The jacket, waistcoat, socks, shirt and tie you are wearing with your kilt must be suitable for the event you are attending. Also, you must have a sgian dubh (a single-edged knife) as part of your Highland dress, along with garter flashes to keep your socks up, a kilt pin, a belt, and the traditional ghillie brogue shoes.

An optional part of Highland dress which you may wish to wear is the shoulder plaid, which can be attached to your jacket with a plaid brooch. The shoulder plaid is generally worn at weddings, and can be worn for photos then removed later, depending on your preference.

Choosing a tartan

Kilts are a popular choice for graduation ceremonies. Picture: Neil HannaKilts are a popular choice for graduation ceremonies. Picture: Neil Hanna
Kilts are a popular choice for graduation ceremonies. Picture: Neil Hanna

When choosing a tartan, most people make the decision based on their family name. If you are from Scottish ancestry, it is likely that your surname will be associated with a clan tartan. Otherwise, one of your parents or grandparents may have a Scottish surname.

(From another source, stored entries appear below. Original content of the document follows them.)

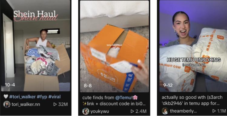 不过今年,视频“主角”变得更统一了,SHEIN 和 TEMU 几乎成为话题热门中的“常驻”: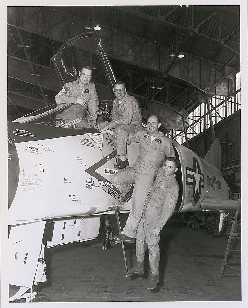 Extremely rare unsigned original 1962 glossy 8 x 10 photo of John Young posing with a Navy fighter jet with Lt. Colonel William McGraw, Cdr. Dave Longton, and Cdr. Del Nordberg. A copy of the photo’s caption is printed on the reverse, with “Released,” stamped in the lower corner. In fine condition. From the Leslie Cantwell collection.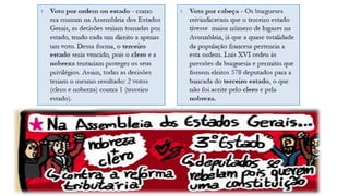A Revolução Francesa (1789-1799) marcou o fim da monarquia absoluta na França e o início de uma sociedade moderna e democrática. O documento descreve os principais eventos da revolução, incluindo a Tomada da Bastilha em 1789, a execução de Luís XVI em 1793, e o período de terror de Robespierre. A revolução influenciou outros países e levou à criação de um governo republicano, antes de Napoleão se tornar imperador em 1804.

Ireland, Wales, and parts of England also have tartans associated with them, and there are national tartans for countries across the world, including the USA, Denmark and Japan.

You can also choose a tartan based solely on aesthetic value, so as to co-ordinate with wedding outfits our your own personal taste.

Choosing a kilt

There are different weights of tartan fabrics depending on what kind of kilt you would like. The heaviest tartan is 19oz, and is used for regimental wear.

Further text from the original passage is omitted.